LOS ANGELES — As promised, Los Angeles County Sheriff Alex Villanueva defied a subpoena to appear at Thursday’s meeting of the county Civilian Oversight Commission, prompting the panel’s vote to challenge that move in court.
The commission also voted to issue a second subpoena for information on how the sheriff and his command staff handled photographs taken by deputies at the site of the helicopter crash that killed Kobe Bryant and eight other people.
Inspector General Max Huntsman said his staff have been allowed to review redacted documents about the crash photos in meetings with the department’s internal investigators. However, investigators were not particularly forthcoming and shed little light on the sheriff’s own role in managing the incident, he said.
“The sheriff is reported to have directed the destruction of evidence,” Huntsman said. “If we were to ask the sheriff to investigate himself, there would be an obvious conflict of interest.”
The draft subpoena includes a full page of requested information, including the identity of all county employees and civilians at the crash scene and command post, as well as those present when orders were given to delete the photos. It also calls on the department to turn over cell phone records, radio traffic recordings and the major incident log and related reports.
Huntsman, anticipating a challenge from the sheriff’s department, said the information was requested as part of an inquiry, rather than an investigation.

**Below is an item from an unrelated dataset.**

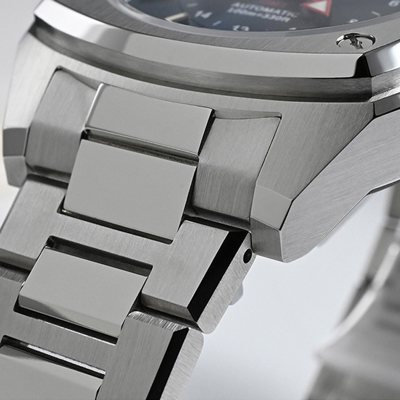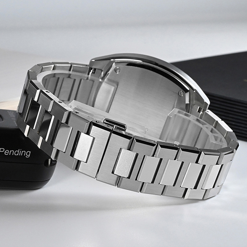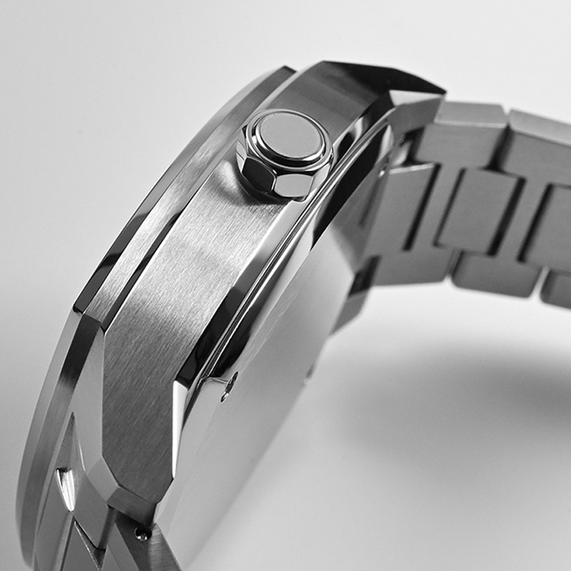 316L stainless steel watch case with brushed grain.

That distinction means the work would be entirely separate from any department discipline or internal affairs investigation, according to the inspector general.
The IG said he had been surprised to hear through the rumor mill, rather than investigators, that the department was close to wrapping up an investigation that “does not include a robust investigation” of Villanueva himself.
The IG team’s meetings with the department give “the sense that you’re being played,” Huntsman said. “I’m not saying that’s happening.”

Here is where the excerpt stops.